### What to produce
Please print the entries below exactly, from the line with "Turnkey waterfront villa" through the line with "いつものようにインタビューを", including both of those lines and leaving out all others.

### Record extracts
*-*-*

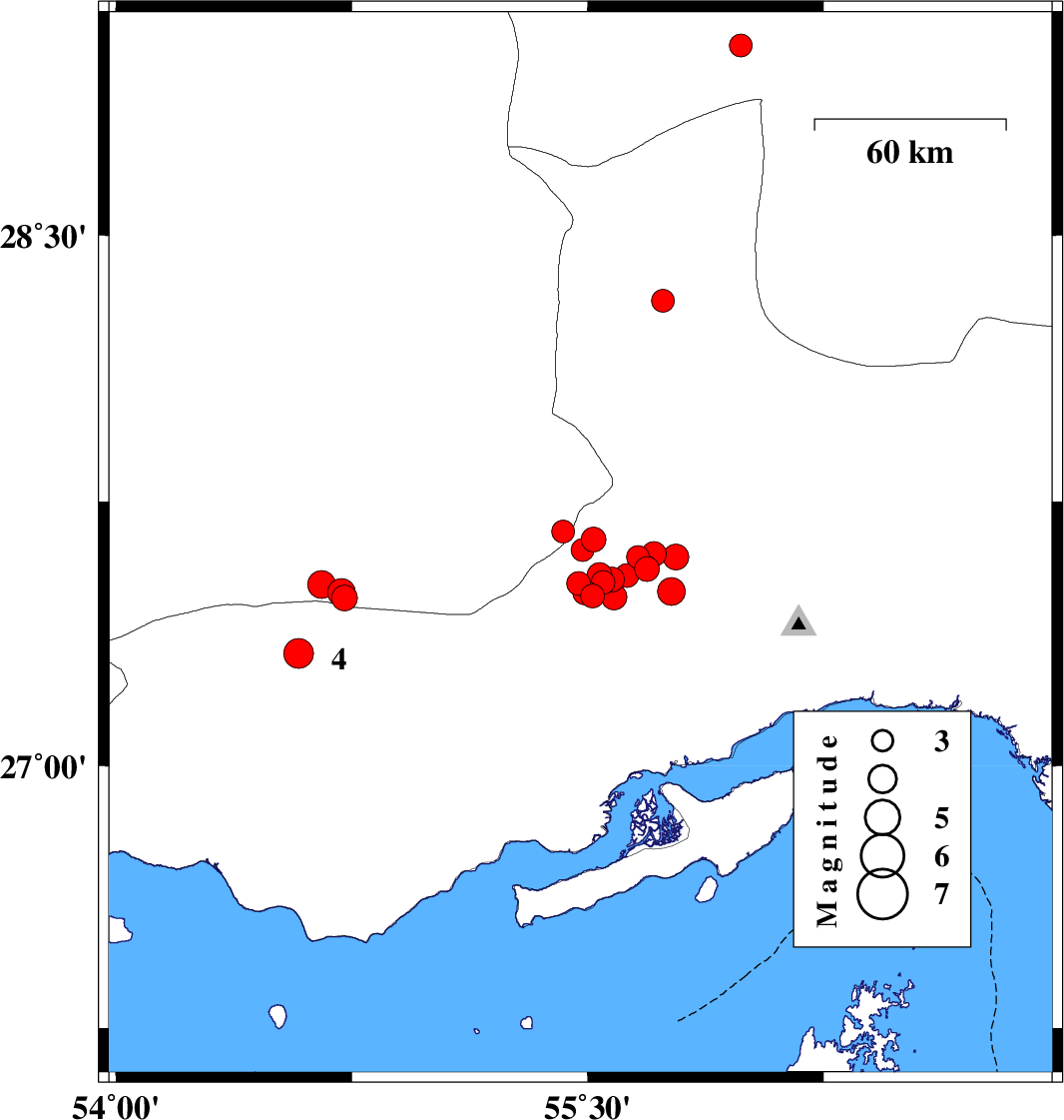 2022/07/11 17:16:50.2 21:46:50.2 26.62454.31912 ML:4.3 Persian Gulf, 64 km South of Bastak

*-*-*

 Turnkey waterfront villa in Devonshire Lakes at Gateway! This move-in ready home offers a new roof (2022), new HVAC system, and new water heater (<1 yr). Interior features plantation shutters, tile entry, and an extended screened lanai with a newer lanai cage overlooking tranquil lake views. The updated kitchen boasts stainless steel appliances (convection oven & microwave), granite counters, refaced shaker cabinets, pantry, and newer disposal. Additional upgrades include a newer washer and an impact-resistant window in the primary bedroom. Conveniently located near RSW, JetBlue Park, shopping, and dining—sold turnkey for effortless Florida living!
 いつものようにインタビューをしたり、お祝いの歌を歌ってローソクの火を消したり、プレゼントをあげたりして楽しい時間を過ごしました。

*-*-*

### Problem solution
 Turnkey waterfront villa in Devonshire Lakes at Gateway! This move-in ready home offers a new roof (2022), new HVAC system, and new water heater (<1 yr). Interior features plantation shutters, tile entry, and an extended screened lanai with a newer lanai cage overlooking tranquil lake views. The updated kitchen boasts stainless steel appliances (convection oven & microwave), granite counters, refaced shaker cabinets, pantry, and newer disposal. Additional upgrades include a newer washer and an impact-resistant window in the primary bedroom. Conveniently located near RSW, JetBlue Park, shopping, and dining—sold turnkey for effortless Florida living!
 いつものようにインタビューをしたり、お祝いの歌を歌ってローソクの火を消したり、プレゼントをあげたりして楽しい時間を過ごしました。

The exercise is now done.